**INPUT DATA:**
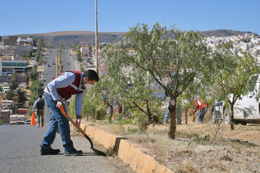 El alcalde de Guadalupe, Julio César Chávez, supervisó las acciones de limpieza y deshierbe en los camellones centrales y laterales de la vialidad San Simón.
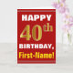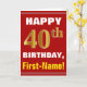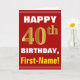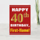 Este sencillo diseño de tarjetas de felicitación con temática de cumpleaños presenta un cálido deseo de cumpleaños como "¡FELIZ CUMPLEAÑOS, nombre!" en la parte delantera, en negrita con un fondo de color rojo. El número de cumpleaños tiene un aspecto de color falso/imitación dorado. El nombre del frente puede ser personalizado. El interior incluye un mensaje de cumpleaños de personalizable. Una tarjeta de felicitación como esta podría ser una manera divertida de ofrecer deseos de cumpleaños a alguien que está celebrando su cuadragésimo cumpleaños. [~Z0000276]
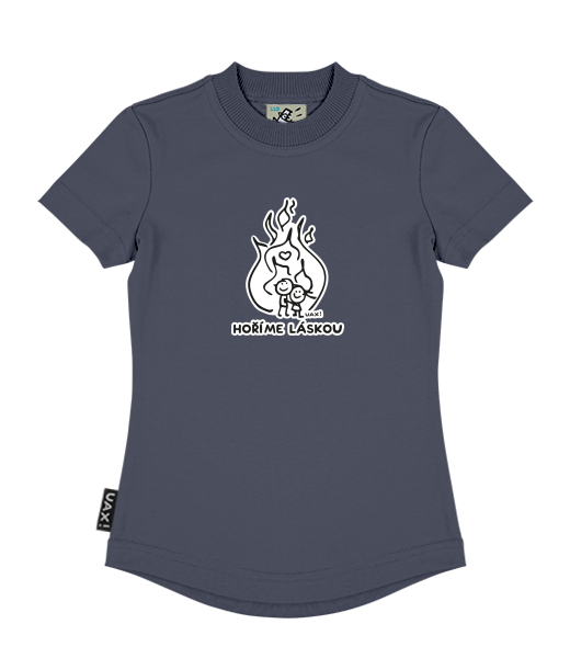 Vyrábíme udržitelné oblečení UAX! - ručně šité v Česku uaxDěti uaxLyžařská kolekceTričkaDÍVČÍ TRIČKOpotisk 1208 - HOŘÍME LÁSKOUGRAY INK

...

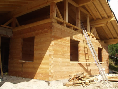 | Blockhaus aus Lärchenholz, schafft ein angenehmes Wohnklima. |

**EXERCISE:** Retype only the lines above from the one with "Este sencillo diseño" through the one with "Vyrábíme udržitelné oblečení", exactly and with both ends. Images stay out.

**SOLVED EXERCISE:**
 Este sencillo diseño de tarjetas de felicitación con temática de cumpleaños presenta un cálido deseo de cumpleaños como "¡FELIZ CUMPLEAÑOS, nombre!" en la parte delantera, en negrita con un fondo de color rojo. El número de cumpleaños tiene un aspecto de color falso/imitación dorado. El nombre del frente puede ser personalizado. El interior incluye un mensaje de cumpleaños de personalizable. Una tarjeta de felicitación como esta podría ser una manera divertida de ofrecer deseos de cumpleaños a alguien que está celebrando su cuadragésimo cumpleaños. [~Z0000276]
 Vyrábíme udržitelné oblečení UAX! - ručně šité v Česku uaxDěti uaxLyžařská kolekceTričkaDÍVČÍ TRIČKOpotisk 1208 - HOŘÍME LÁSKOUGRAY INK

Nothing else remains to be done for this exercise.